Sergio Romo’s elite BU has likely helped him keep his fastball serviceable at its low velocity. Bronson Arroyo, for example, also operates at a similar fastball velocity but has less spin and usually sits at around 23.5 BU. His fastball is also hit for a home run once every 20 swings, compared to Romo’s, which hasn’t left the park yet this year. Romo’s spin rate of 2300 rpm is the 14th highest of all pitchers with a fastball velocity less than 90 mph and while it certainly isn’t ever going to be an even average pitch, it prevents hitters from hunting it and taking advantage when he throws it.
Jake Odorizzi’s fastball doesn’t have the highest Bauer Units or most spin, but he is the epitome of the high-spin fastball principle. Odorizzi’s fastball generates above average whiffs and fly balls, and he consistently throws it at the top of or above the strike zone. Paired with a split-change, Odorizzi features a devastating difference in vertical movement between the two pitches. In the overlay below, the line with the squares is Odorizzi’s fastball and the line with the triangles is his split-change.
Throughout Odorizzi’s career, he has been steadily increasing the average vertical location of his fastball, which has coincided with an increase in whiffs on the pitch as well. This could be the result of a few different things, but with a generally consistent fastball shape over his career, I’m inclined to believe that his fastball location played a part.
But, there’s an upper limit to how much he can keep increasing his average fastball location before hitters simply stop swinging at it. I’m sure he will adjust accordingly, but it will be interesting to see if he hits that threshold over the next few years.

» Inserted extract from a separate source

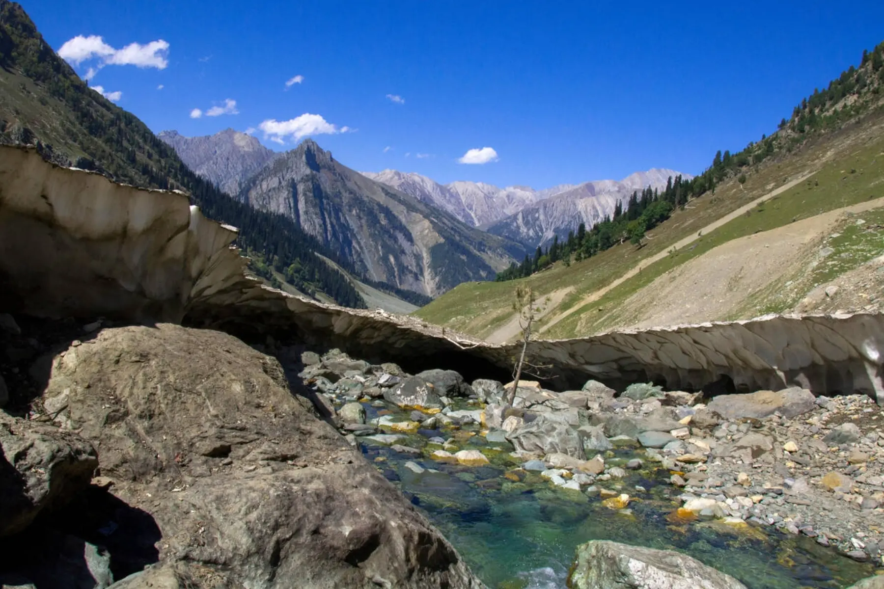 Beyond its adventurous spirit, Sonmarg’s tranquil charm resonates deeply with spiritual travelers. It serves as the base camp for the Amarnath Cave Pilgrimage — a revered Hindu site — drawing devotees from around the world. The journey through rugged mountain paths and snowfields adds a sense of devotion intertwined with nature’s grandeur. For those seeking peace, the Baltal Valley, just 15 km away, is a serene camping site along the Sindh River, offering an untouched slice of Kashmir’s raw beauty. Whether you’re meditating by a riverside, exploring offbeat trails, or simply soaking in the views, Sonmarg blends spirituality, serenity, and adventure seamlessly.

Finally, average BU helps us better understand how a fastball should perform, but like all average statistics, it can hide the underlying distribution in the data. Looking at the distribution of Bauer Units for Odorizzi’s fastball, we see a similar picture for both 2016 and 2017.
Thus far in 2017, it looks like Odorizzi has eliminated some of the skew in his distribution from 2016 and shifted fastballs closer to his average BU. This is encouraging, as it suggests he is continually increasing the repeatability of his fastball and eliminating the pitches with low spin.
Overall, Bauer Units have shown to be marginally more effective in analyzing fastballs than pure spin rate. The result on a specific pitch is determined by so many independent and inter-related factors that the small r-squared values from comparing BU and performance statistics are understandably low. More important than the actual values themselves is the comparison between Bauer Units and spin rate – small r-squared values aside, if we are going to use spin rate to judge pitches and Bauer Units has been shown to have a stronger relationship, it might make more sense to include Bauer Units in the discussion.
After leading the league in high fastball rate in 2015 and 2016, the Rays have dropped to fourth overall this season, perhaps as a result of changes in personnel and in the way the strike zone is being called. As the rest of the league, notably the Dodgers, adopts a similar strategy, it will be interesting to see if the Rays stick to this approach or make some sort of adjustment to regain a competitive edge. Even with a fly ball heavy staff and rumors of the ball being juiced, the Rays are still able to post a below average home run rate and keep their team ERA down. Here’s to hoping that everyone gets and stays fully healthy for the final stretch of the season so we are able to see this in action.
Spin rate data from Baseball Savant.